TO DO: In the records below, the relevant part opens with the line containing "(8)烘干箱內(nèi)可存" and closes with the line containing "Sink fills with"; print that part exactly and only, without its pictures.
(PROVIDED DATA Opens)
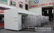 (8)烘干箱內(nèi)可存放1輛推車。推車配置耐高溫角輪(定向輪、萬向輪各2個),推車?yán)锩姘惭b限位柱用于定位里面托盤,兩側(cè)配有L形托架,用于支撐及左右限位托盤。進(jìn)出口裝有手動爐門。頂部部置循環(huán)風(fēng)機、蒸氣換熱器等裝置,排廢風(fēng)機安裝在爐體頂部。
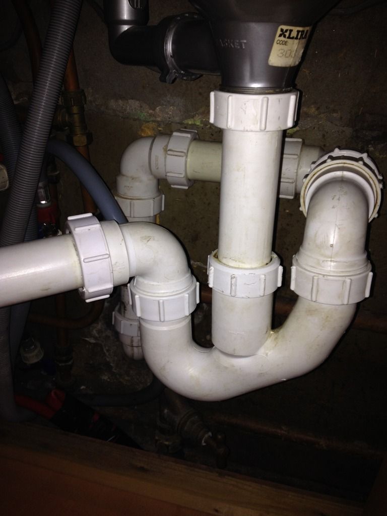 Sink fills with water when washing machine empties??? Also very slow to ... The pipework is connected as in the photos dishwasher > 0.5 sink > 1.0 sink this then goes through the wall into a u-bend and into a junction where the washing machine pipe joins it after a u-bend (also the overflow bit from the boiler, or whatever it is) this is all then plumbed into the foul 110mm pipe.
(PROVIDED DATA Closes)
(PROVIDED DATA Opens)
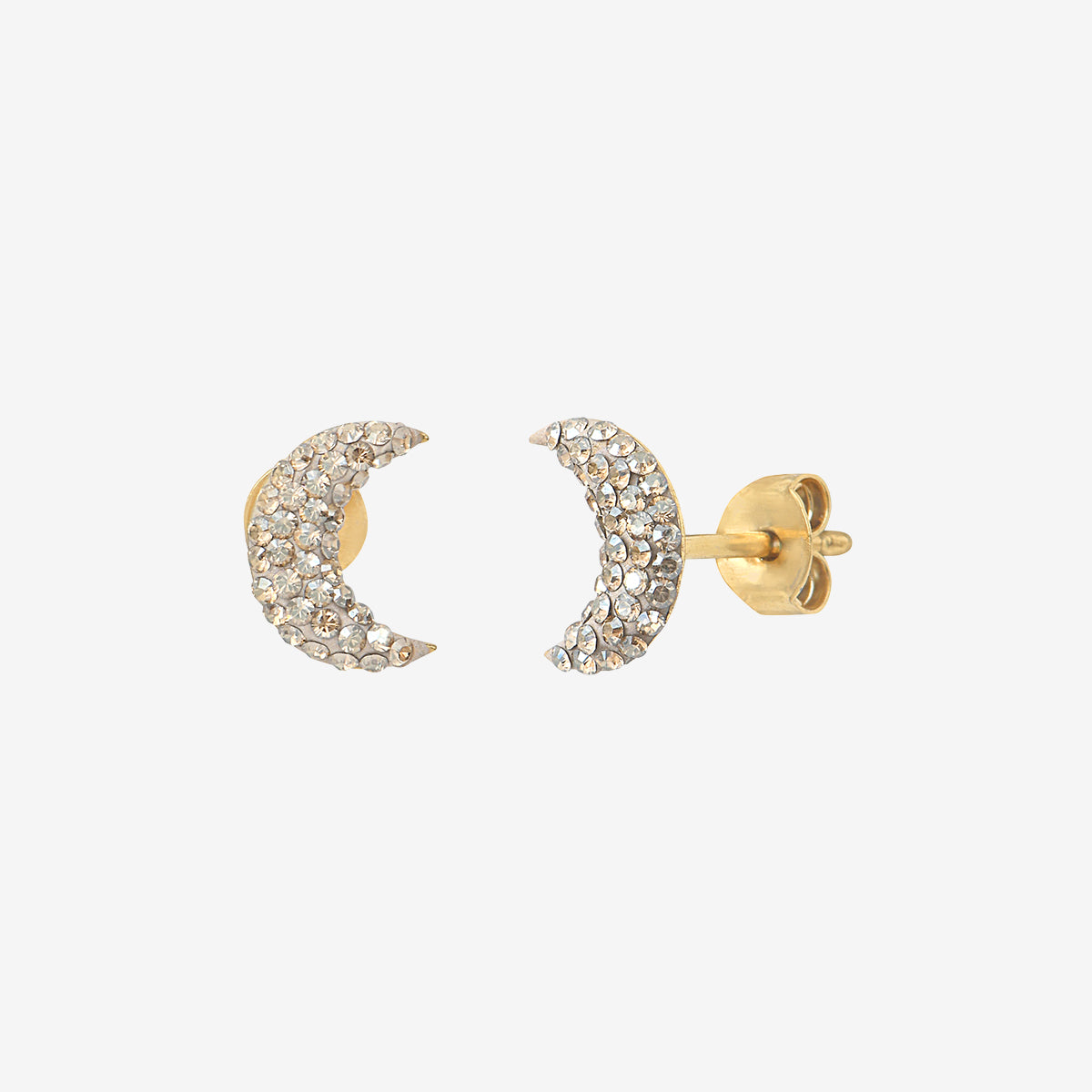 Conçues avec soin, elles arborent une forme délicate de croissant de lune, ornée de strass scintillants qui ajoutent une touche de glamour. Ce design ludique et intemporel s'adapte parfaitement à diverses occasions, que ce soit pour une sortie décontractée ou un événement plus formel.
(PROVIDED DATA Closes)
TASK ANSWER:
 (8)烘干箱內(nèi)可存放1輛推車。推車配置耐高溫角輪(定向輪、萬向輪各2個),推車?yán)锩姘惭b限位柱用于定位里面托盤,兩側(cè)配有L形托架,用于支撐及左右限位托盤。進(jìn)出口裝有手動爐門。頂部部置循環(huán)風(fēng)機、蒸氣換熱器等裝置,排廢風(fēng)機安裝在爐體頂部。
 Sink fills with water when washing machine empties??? Also very slow to ... The pipework is connected as in the photos dishwasher > 0.5 sink > 1.0 sink this then goes through the wall into a u-bend and into a junction where the washing machine pipe joins it after a u-bend (also the overflow bit from the boiler, or whatever it is) this is all then plumbed into the foul 110mm pipe.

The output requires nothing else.